Now, I sympathize with Chillingworth—a lot. I mean, he sends his young bride over to the New World, trying to give her a better life, and she ends up pregnant by another man, which is the ultimate slap in the face, right? But he was so old and nasty and really had no business marrying a young girl anyway. When he began to psychologically torture Dimmesdale, giving him all those strange roots and herbs, Chillingworth reminded me of Dr. Timbers and his staff. I realized then that Chillingworth was not ever going to practice being kind, so I gave up hope for him.

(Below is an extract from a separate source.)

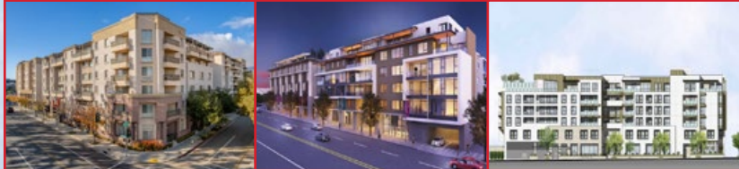
MANY NEW & Proposed Mixed-use/Housing on Walnut

But I absolutely loved Hester, because she believed in silver linings. Even when that nasty throng of bearded men in hats and fat women were against her, saying she should be branded on the forehead even, she stuck to her guns and sewed and helped people when she could and tried her best to raise her daughter—even when Pearl proved to be somewhat of a demonic child.
Even though Hester did not get to be with Dimmesdale in the end—which is a flaw, if you ask me—I felt like she lived a fulfilled life and got to see her daughter grow up and marry well, which was kind of nice.
But I did realize that no one really appreciated Hester for who she was until it was too late. When she needed help most, she was abandoned—and only when she offered help to others was she beloved. This sort of suggests that it is important to appreciate the good women in your life before it is too late, which is a pretty good message to give high school kids. I wish my high school teacher had taught me that lesson, because I certainly would have treated Nikki differently when we were first married. Then again, maybe this is the sort of thing you have to learn by living your life—failing like Dimmesdale did, and I guess like I did too.